Austin ISD Board President Arati Singh at the May 18 voting meeting (Photo by Screenshot via Austin ISD)
The big news at Austin ISD’s Thursday meeting was, of course, the largest pay raise ever given to the district’s teachers and staff.
On May 18, the board of trustees voted unanimously to finalize a 7 percent raise for teachers and certified employees including counselors and librarians. Other employees, like custodians and cafeteria workers, will receive an across-the-board $4 per hour pay increase, raising the district’s minimum wage to $20 an hour.
The raises came after the “We Know Our Worth” campaign waged for several months by Education Austin, AISD’s labor union. “I’ve been floating ever since we’ve been able to secure this agreement,” said Ken Zarifis, president of Education Austin. “It is a game changer.
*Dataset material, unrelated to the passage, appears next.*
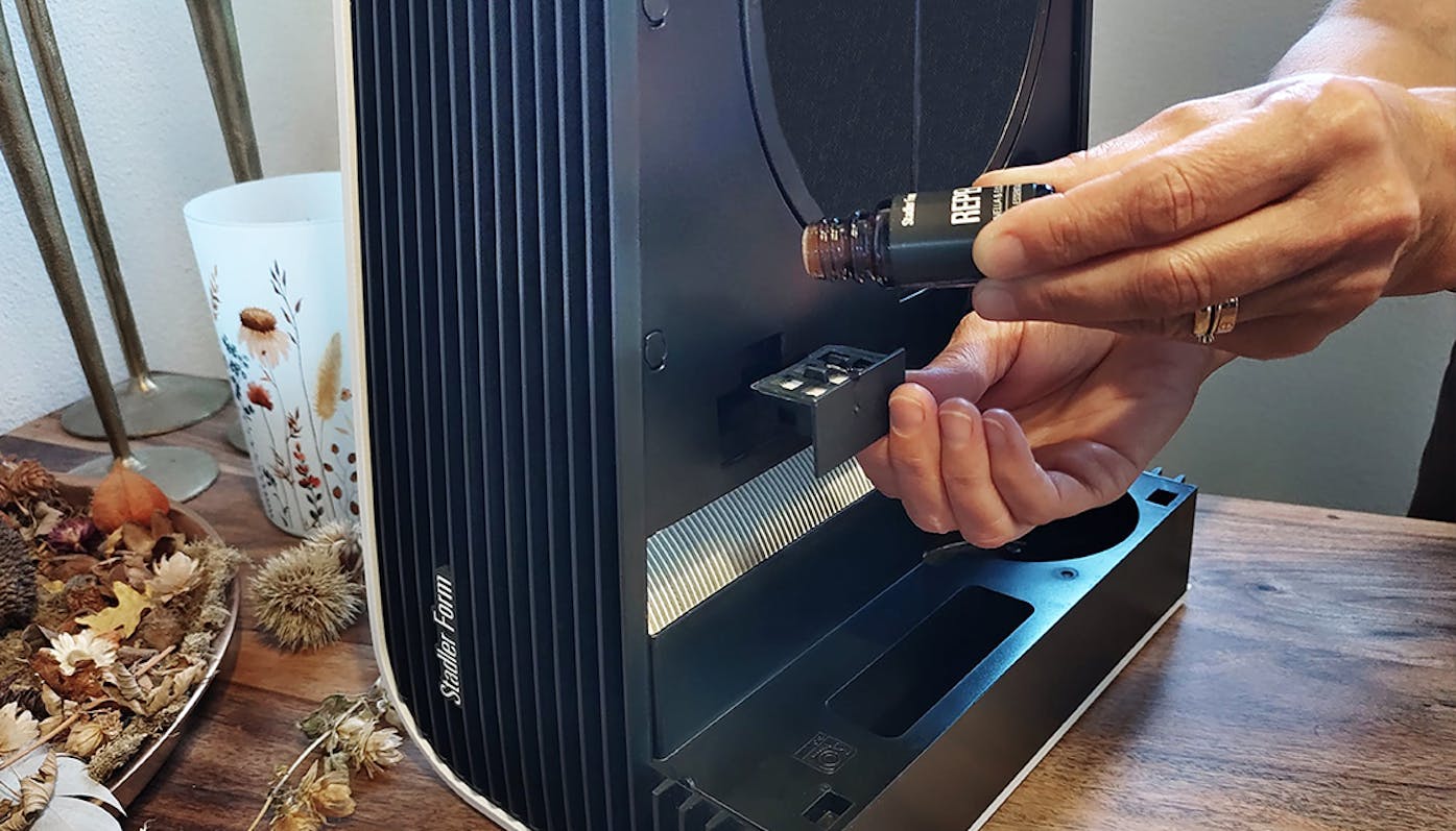 Ein weiteres Highlight ist der integrierte Duftstoffbehälter: So kann die gereinigte und befeuchtete Luft gleichzeitig mit ätherischen Ölen aromatisiert werden – für ein rundum wohltuendes Raumklima.

It is a life changer. It’s the most substantial pay raise in Central Texas history. And we believe that other districts will increase their pay and respect classified and hourly employees more because of it. You know – all boats rise.”
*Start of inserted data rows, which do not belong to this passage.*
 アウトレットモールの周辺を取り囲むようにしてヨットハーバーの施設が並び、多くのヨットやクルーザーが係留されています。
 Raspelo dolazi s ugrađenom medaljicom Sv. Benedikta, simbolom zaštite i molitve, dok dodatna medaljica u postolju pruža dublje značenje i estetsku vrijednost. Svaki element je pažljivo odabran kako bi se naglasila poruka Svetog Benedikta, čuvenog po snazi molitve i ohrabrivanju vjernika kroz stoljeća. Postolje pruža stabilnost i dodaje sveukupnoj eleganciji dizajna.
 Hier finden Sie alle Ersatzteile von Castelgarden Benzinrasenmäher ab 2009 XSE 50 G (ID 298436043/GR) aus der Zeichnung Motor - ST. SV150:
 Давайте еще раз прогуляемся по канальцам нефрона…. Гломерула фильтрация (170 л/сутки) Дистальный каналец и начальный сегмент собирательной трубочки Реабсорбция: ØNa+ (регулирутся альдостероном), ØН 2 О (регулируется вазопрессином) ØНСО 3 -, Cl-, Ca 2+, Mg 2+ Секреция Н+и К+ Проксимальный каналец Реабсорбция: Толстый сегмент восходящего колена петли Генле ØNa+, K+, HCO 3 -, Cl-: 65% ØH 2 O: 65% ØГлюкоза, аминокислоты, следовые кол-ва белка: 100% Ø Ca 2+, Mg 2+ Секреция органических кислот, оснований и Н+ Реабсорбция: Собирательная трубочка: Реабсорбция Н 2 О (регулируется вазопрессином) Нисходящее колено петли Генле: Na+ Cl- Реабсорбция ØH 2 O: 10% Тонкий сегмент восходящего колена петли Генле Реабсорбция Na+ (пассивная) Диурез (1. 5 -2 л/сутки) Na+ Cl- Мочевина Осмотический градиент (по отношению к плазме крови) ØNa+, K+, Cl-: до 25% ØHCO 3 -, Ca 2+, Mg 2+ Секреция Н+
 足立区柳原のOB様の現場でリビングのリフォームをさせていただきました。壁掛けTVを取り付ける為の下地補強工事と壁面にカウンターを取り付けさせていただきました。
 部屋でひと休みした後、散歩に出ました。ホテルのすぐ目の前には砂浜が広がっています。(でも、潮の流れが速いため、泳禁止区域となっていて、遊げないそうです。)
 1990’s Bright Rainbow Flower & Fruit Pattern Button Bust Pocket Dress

AISD Board president Arati Singh said the raise was absolutely necessary but warned that it may cause budget shortfalls in coming years. “The good thing is we had some reserves built up from previous years,” Singh said. “And so that’s part of what we’re using to give our staff the raise. But going forward, our community is going to have to have some difficult conversations possibly about belt-tightening to ensure that we are spending money where it’s going to make the most difference for our students’ academic achievement.”
In addition to raising district pay, the board continued its efforts to address the backlog in evaluations for special education services that caused the Texas Education Agency to install a group of managers to oversee the district in March. The board voted, again unanimously, to set specific expectations for how many evaluations should be conducted over the next year.
Singh said the evaluation backlog is decreasing since new trustees joined the board in November. “We own the problems – and we know there have been problems in special education in AISD,” Singh said. “We have not served students in the ways that they are entitled, so I don’t want to give any impression that we’re done. No, we’re just getting started on fixing this.” The historic pay package will also help in this area – it increased the stipend paid to bilingual and special education teachers to $7,000.
Singh said that she and Interim Superintendent Matias Segura recently took this message to TEA commissioner Mike Morath, who will decide how long the board and TEA work together and under what conditions. “We really did appreciate meeting with the commissioner, and used this as an opportunity to share our plan and our progress,” Singh told the Chronicle. “We actually requested that we have a monitor, which is a lower level of intervention from TEA. They had proposed that we receive a conservator but we were like, ‘We understand why you would want to do that but let us share with you what we’re doing and why a monitor could be appropriate.’… Honestly, regardless of the outcome, I would say the meeting was a success. And we look forward to receiving his final decision.”